This paper offers an extensive study of po-semigroups (partially ordered semigroups with order-preserving multiplications) with particular emphasis on the fundamental structure theorem – that is, the possession of a minimal ideal which is a paragroup. The existence of minimal ideals if often deduced from compactness conditions (for example, they are always found in compact right topological semigroups), and the author is aiming at replacing these by order conditions. He observes that order properties are left-right symmetric, whereas right continuity is not.

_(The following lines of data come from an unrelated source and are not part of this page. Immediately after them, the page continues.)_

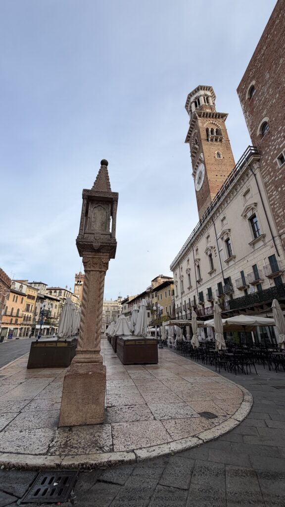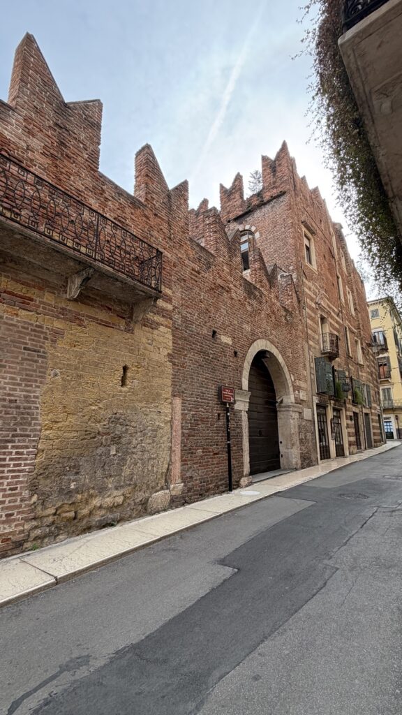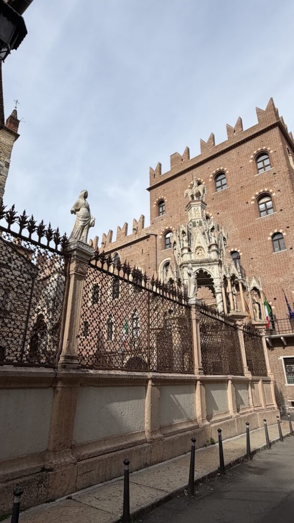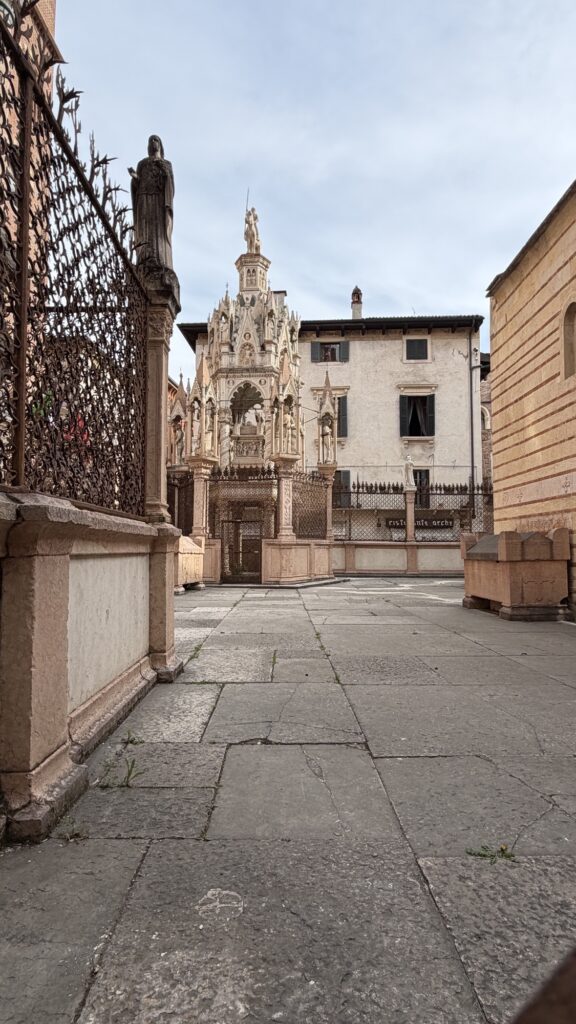 Il rientro attraversa Casa di Romeo, edificio medievale oggi riconoscibile soprattutto dall’esterno, dove un’iscrizione richiama la figura di Romeo, mantenendo vivo il legame simbolico con la storia. Poco distante si incontrano le Arche Scaligere, complesso funerario monumentale della famiglia Della Scala, caratterizzato da strutture gotiche elaborate e da una forte verticalità che le rende immediatamente riconoscibili. È uno dei punti in cui la dimensione storica di Verona emerge con maggiore evidenza, anche in un passaggio breve.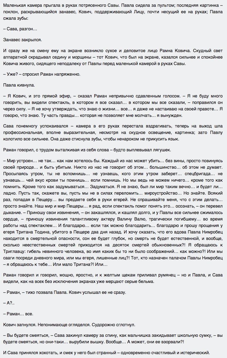 И второе, что до сих пор мне ножом по сердцу, как бывшему ассистенту режиссёра, заставшему ещё бетакамы, — ляп из обожаемой книги "Пещера" Дяченко. Главная героиня занимается ровно тем же, чем занималась я в 2006-2008 годах, и эта тема мне близка чисто профессионально. И вот что там почти в конце книги (дело происходит в эфирном блоке, где вместо новостей тайком выдаётся в эфир запись запрещённого спектакля и последующее интервью режиссёра постановки):
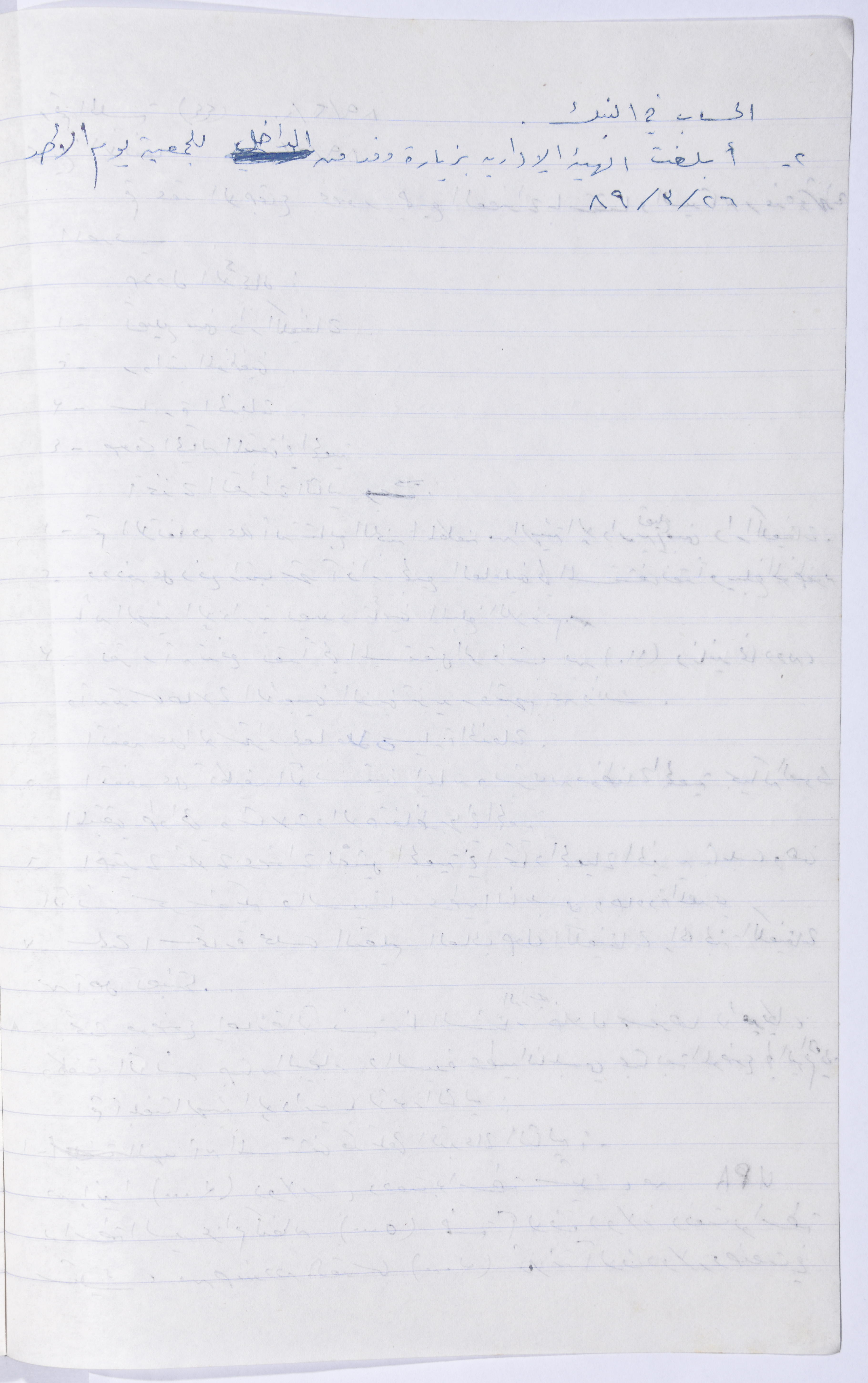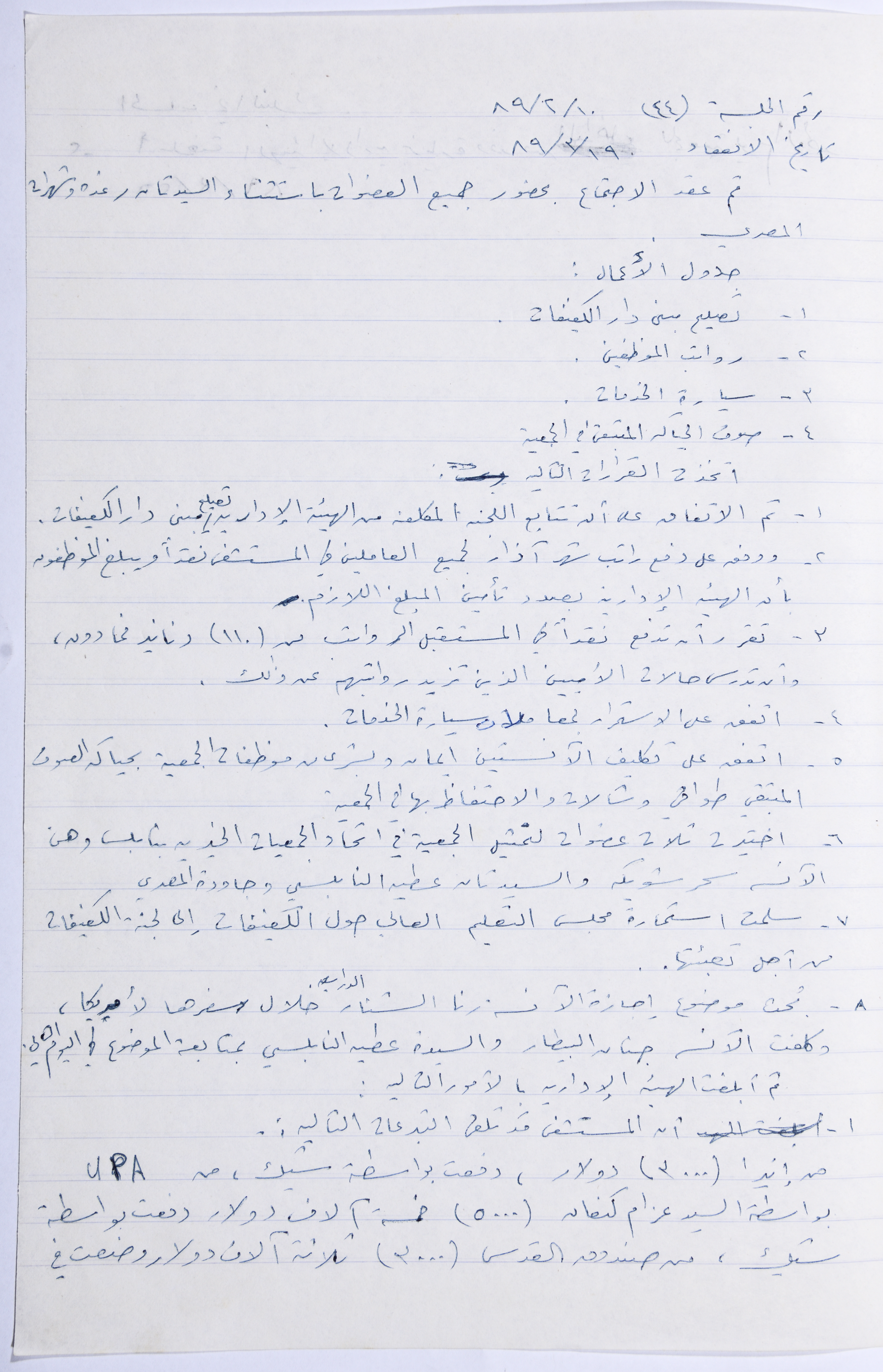 Minutes of the Meeting of the Administrative Body of the Arab Women Union Society, Nablus, 1989

The key to the structure theorem is the existence of an idempotent minimal in the algebraic sense. The author observes that in each of the theories which involve partially ordered semigroups, each semigroup contains an idempotent of this type which is also order maximal in the minimal left ideal which contains it. General conditions for the existence of such idempotents are given. Special cases are that they do if (a) there are a finite number of maximal, and of minimal, elements in the po-semigroup, and if (b) there are a finite number of minimal elements and the ascending chain condition is satisfied.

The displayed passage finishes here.